Jacob Littmann
Tosca Kempler gave me Jacob Littmann’s address and we got in touch by letter. He described his childhood in the children’s home in considerable detail in a letter dated 12 March 2005: …my parents were fortunate in being able to save two children. We were in the nursery (at Fehrbelliner Strasse 92), in the kindergarten and in the after-school group. A big flag in the colours of the Weimar Republic, black, red and gold, hung from a flagpole over the door. It was a liberal home for Jewish children, where they experienced an upbringing with discipline but without severity. In the two years in the nursery, the women were mothers, in the kindergarten they were aunts and in the after-school club they were “Miss”.

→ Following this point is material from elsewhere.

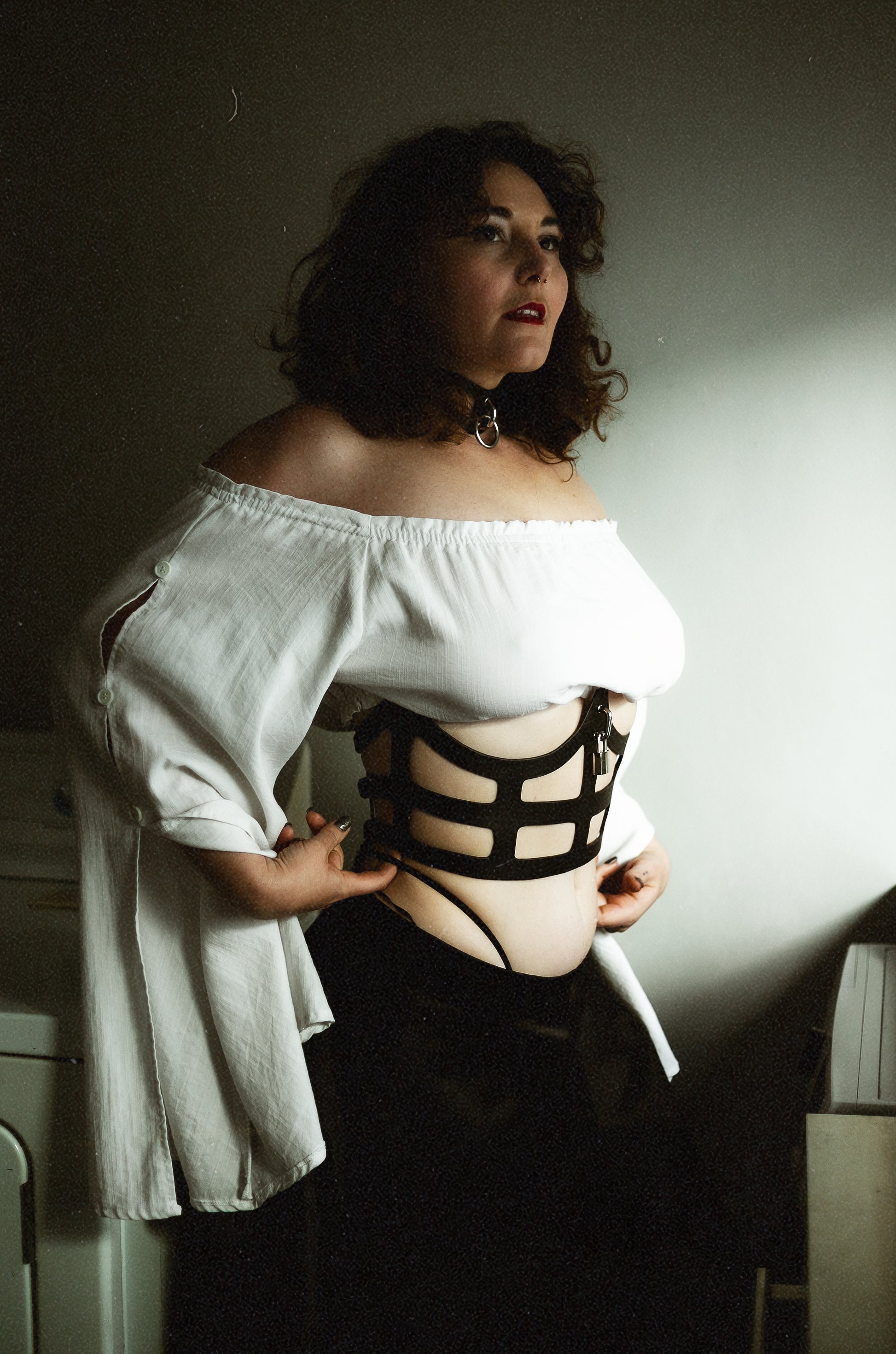 This hand-crafted corset redefines classic restraint with a contemporary edge. Its sculptural silhouette conforms to the body with precision, enhanced by adjustable buckles at the back for a tailored fit. A central, functional padlock adds an unapologetic element of symbolic control.

We were brought up to practise both German and Jewish customs. In the summer holidays, the home rented a villa in Neuhof on the Baltic coast. The older children from the after-school group spent four weeks there – on the beach and in the woods. It was healthy for the poorer children and an opportunity to learn how the country, the customs and life are organised in a family. That is why the home in Fehrbelliner Strasse was a home without harshness. Everyone both gave and shared. There was a big library with books like Dr Dolittle, Kipling, old tales from Troy, Sparta and Athens. It was fun as well as educational. The women who ran the after-school group went to the schools to see how the children were getting on. Then they helped them with their homework. I went to the school in Ryckestrasse. There was one large room, where the little children had a rest in the afternoons. This room was also used for games, dancing and for festivals. These recollections are in my memory. The home was a bright part of my life. My brother Heinrich Siegfried Littmann and my parents are missing.
Jacob Littmann was arrested Oktober 28-29 in 1938 and deported to Polen ( Polenaktion ). Relatives in the USA sent affidavits for him and his sister. So they could emigrate to the USA and saved their lives. March 2005 he lived in Van Nuys, a district of Los Angeles, Ca., USA. He has since died.